A l'origine du mouvement 15-M
Depuis le 15 mai (d'où le 15-M), les rangs des mécontents réunis devant la mairie de la capitale espagnole n'ont cessé de grossir. Et ce malgré l'interdiction émise par les autorités peu avant le scrutin. Etudiants, retraités, salariés, chômeurs... mais aussi protestataires contre l'impunité qui entoure encore les crimes du franquisme, comme le souligne le quotidien de gauche Publico. Quel sont les facteurs communs qui unissent cette mosaïque de manifestants?

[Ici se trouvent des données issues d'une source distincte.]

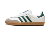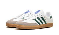 The adidas Samba OG "Collegiate Green" is a colorway of the retro shoe with green accents. The upper features a white leather base contrasted with a grey suede overlay on the toe, and a green leather panel on the heel tab. Collegiate Green leather Three Stripes appear on the sides, while a gold foil “Samba” logo can be seen on the lateral side of the mid-panel. Classic adidas Samba detailing is printed on the tongue. A gum rubber sole completes the look.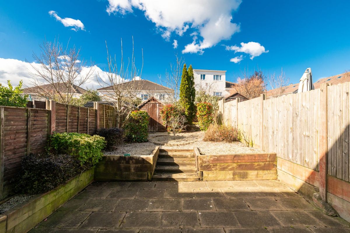 Externally, the home benefits from a private driveway with hedging, offering secure off-street parking. The rear garden extends approximately 42 ft, featuring a raised lawn enclosed by fencing, and a shed for additional storage.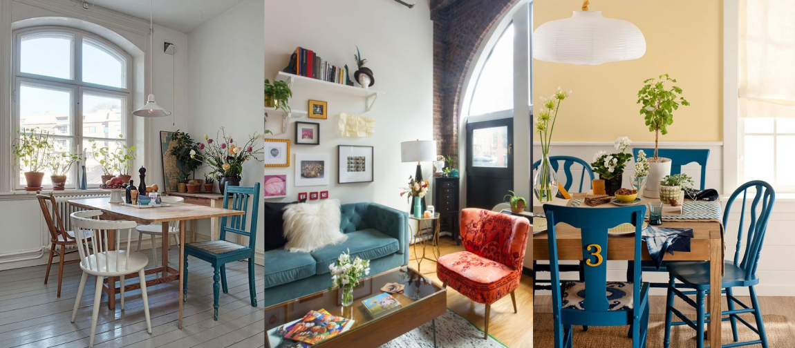 Отказываемся от стандартных мебельных гарнитуров, собираем их самостоятельно из разных ингредиентов. Вокруг стола могут собраться самые разномастные стулья, а чтобы картинка смотрелась гармонично, такие элементы должен объединять цвет, фактура, форма или эпоха.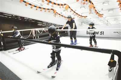 雪上项目对场地要求较高,学校缺少修建场地的条件,那么该如何让学生轻松学习滑雪呢?每周五下午的课后服务时间,上海音乐学院实验学校的孩子们都会来到商场里的模拟滑雪场,在“冰天雪地”驰骋一番。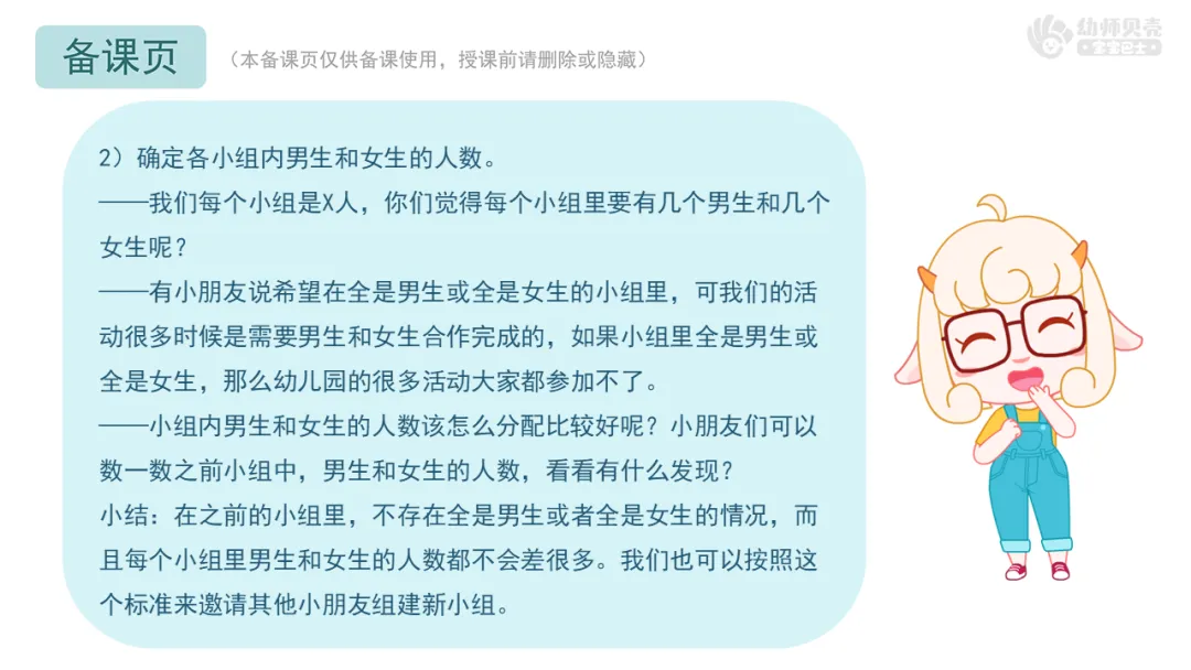 ——我们每个小组是X人,你们觉得每个小组里要有几个男生和几个女生呢?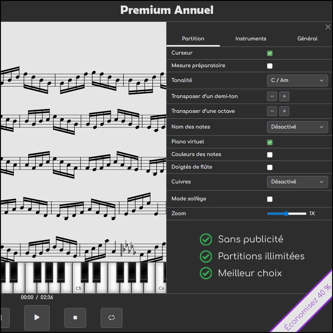 | Consulter les partitions | 5 à 10 par jour | Illimité |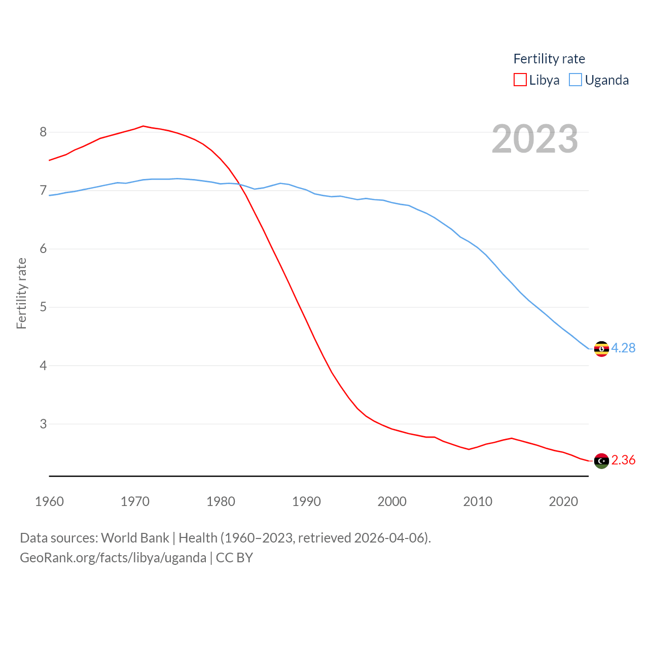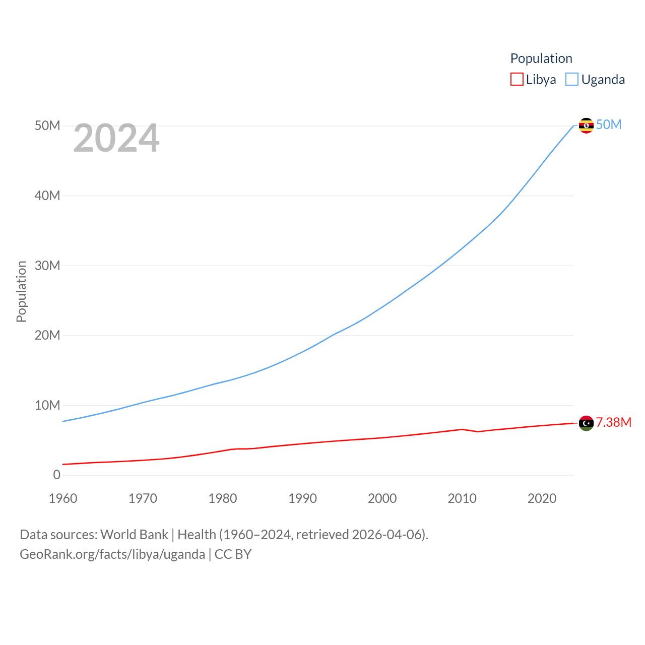 Libya has a population of 7.38M (ranked 105/197), compared with 50M in Uganda (ranked 31/197). Libya's land area is 679,362 sq mi versus 77,421 sq mi for Uganda (ranked 16th vs. 84th).

Le chômage est le premier mot qui leur vient à la bouche. Avec un taux record de 21,29% de la population active, il touche même 41,27% des 20-24 ans et 27,24% des 25-29 ans, selon les chiffres de l'Institut national de statistiques espagnol. Le chômage est la préoccupation numéro un des Espagnols. Interrogés par le Centro de Investigaciones Sociologicas, ils sont 82,8% à le citer parmi les trois sujets qui les inquiètent le plus en avril dernier, loin devant la crise économique en général (47,3%, en recul).
"Réflexion en cours", "arrêtez de nous prendre pour des idiots", 'l'opium du peuple, très peu pour moi", lit-on sur les pancartes...
REUTERS/Sergio Perez
Après des années déjà difficiles, la frustration des jeunes diplômés explose. Car ceux qui réussissent à décrocher un emploi ne roulent pas sur l'or. Depuis quelques années déjà, on les surnomme les "mileuristas" ou "la génération des mille euros". Le quotidien El Pais dressait un portrait de cette catégorie sacrifiée, économique parlant, et contrainte de rester vivre dans le cocon familial bien au-delà de la barre des 28 ans d'un Tanguy "classique", en 2005.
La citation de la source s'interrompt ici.